§ **Data provided**
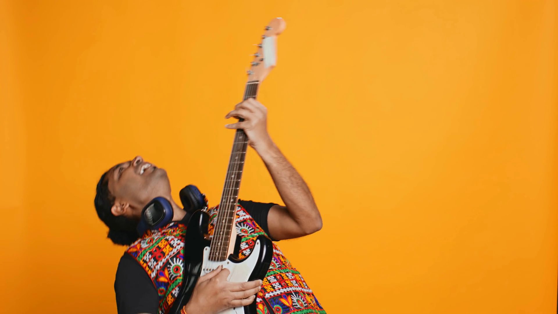 Happy Man Holding Electric Guitar Playing Rock Music Isolated Over Studio Background Cheerful Indian Musician Using Musical InstrumentÂ
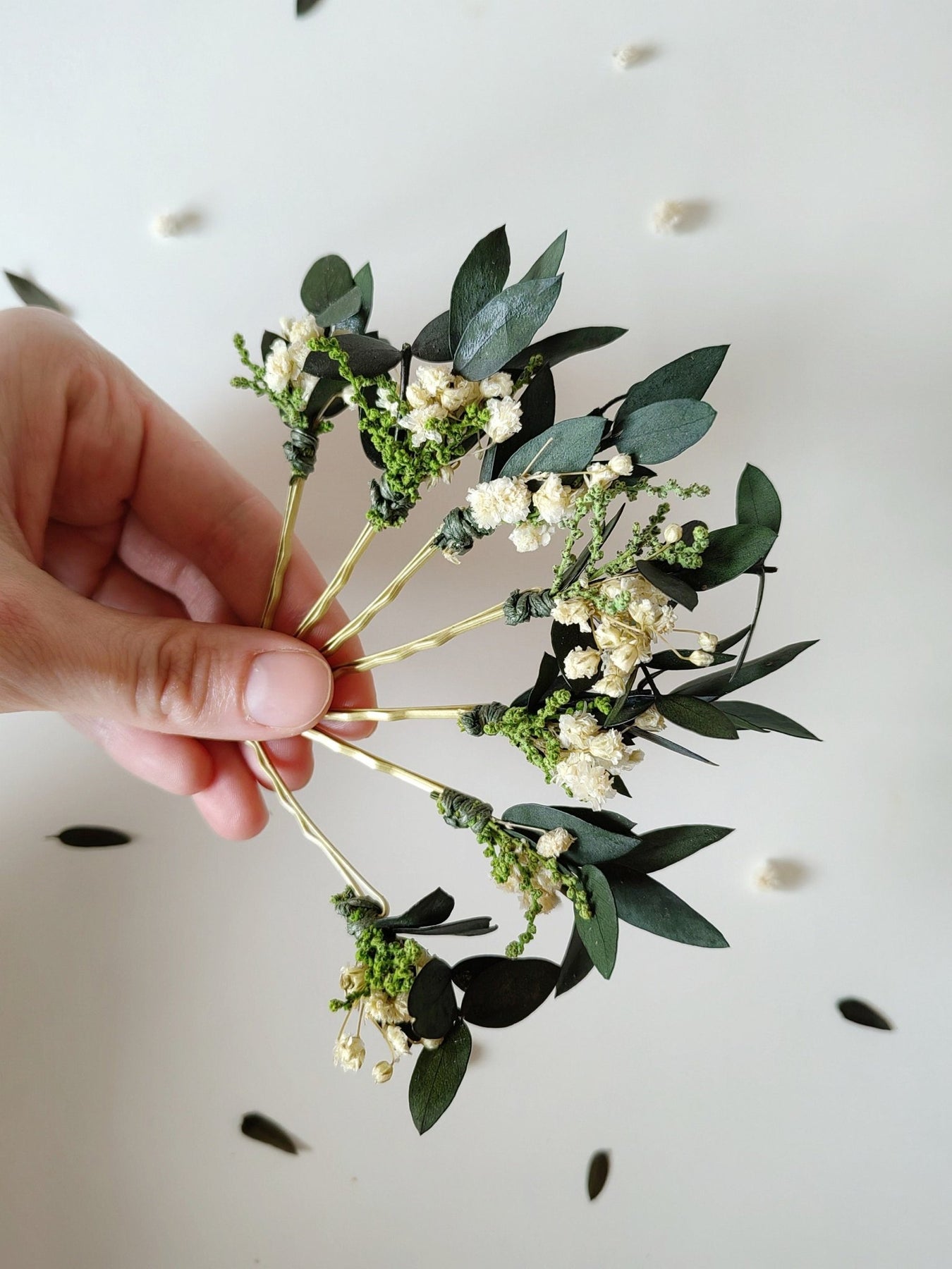 Eucalyptus Baby's Breath Hair Pins: Greenery Wedding Headpiece
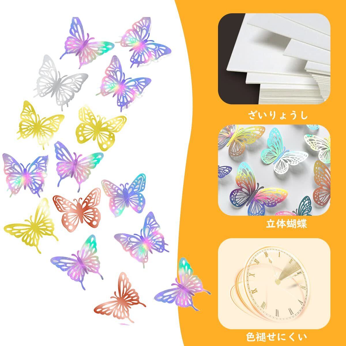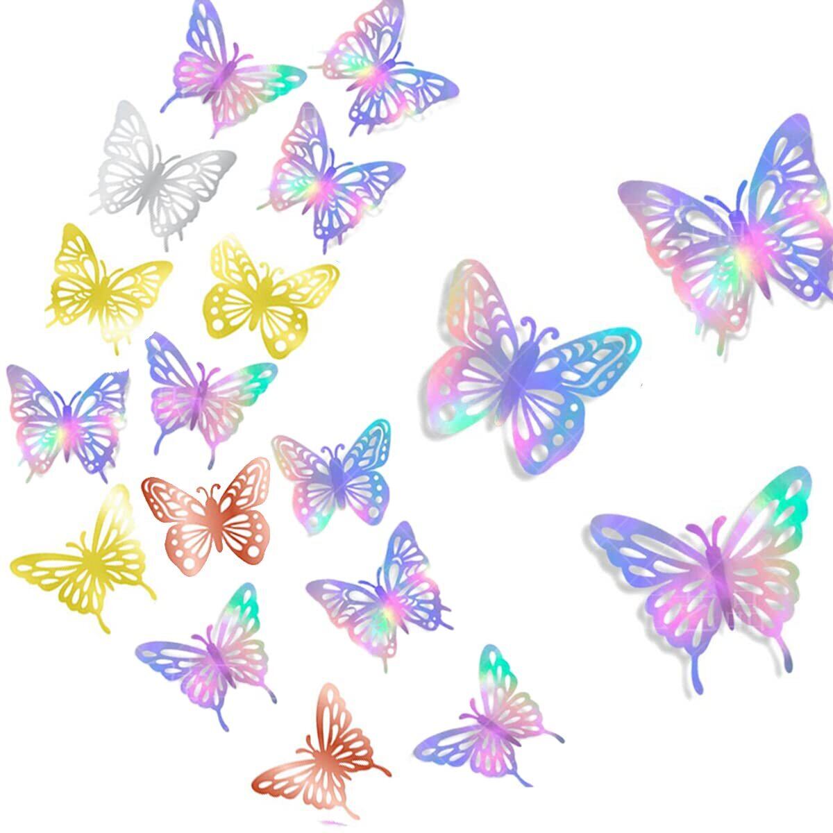 【高品質素材】蝶の飾りは3Dホロリングで設計されており、高品質の光沢紙素材、非毒性、環境フレンドリー、曲げられる翼のためのボディで作られています。 蝶の装飾を美しく、優雅にします。
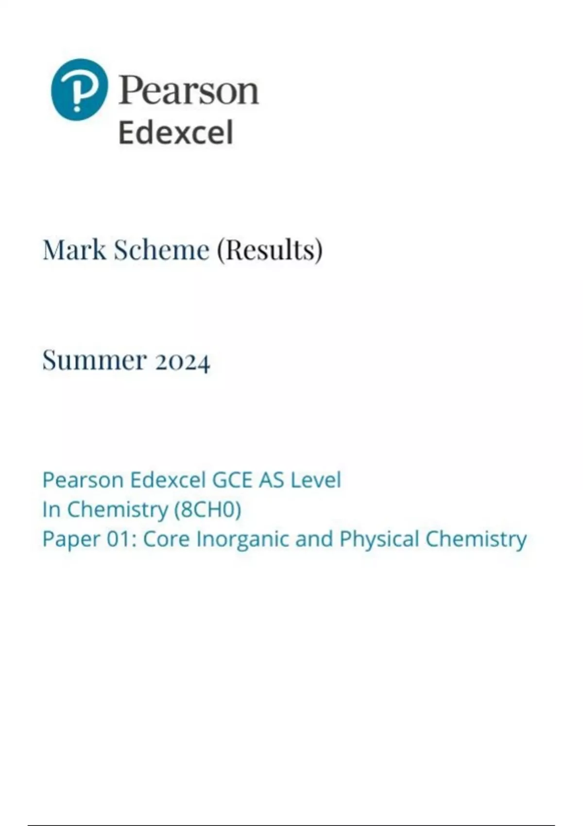 PEARSON EDEXCEL AS LEVEL CHEMISTRY PAPER 1 JUNE 2024 FINAL MARK SCHEME

§ **Exercise directions**
Type out the data above again exactly as written, minus the images.

§ **The completed task**
 Happy Man Holding Electric Guitar Playing Rock Music Isolated Over Studio Background Cheerful Indian Musician Using Musical InstrumentÂ
 Eucalyptus Baby's Breath Hair Pins: Greenery Wedding Headpiece
 【高品質素材】蝶の飾りは3Dホロリングで設計されており、高品質の光沢紙素材、非毒性、環境フレンドリー、曲げられる翼のためのボディで作られています。 蝶の装飾を美しく、優雅にします。
 PEARSON EDEXCEL AS LEVEL CHEMISTRY PAPER 1 JUNE 2024 FINAL MARK SCHEME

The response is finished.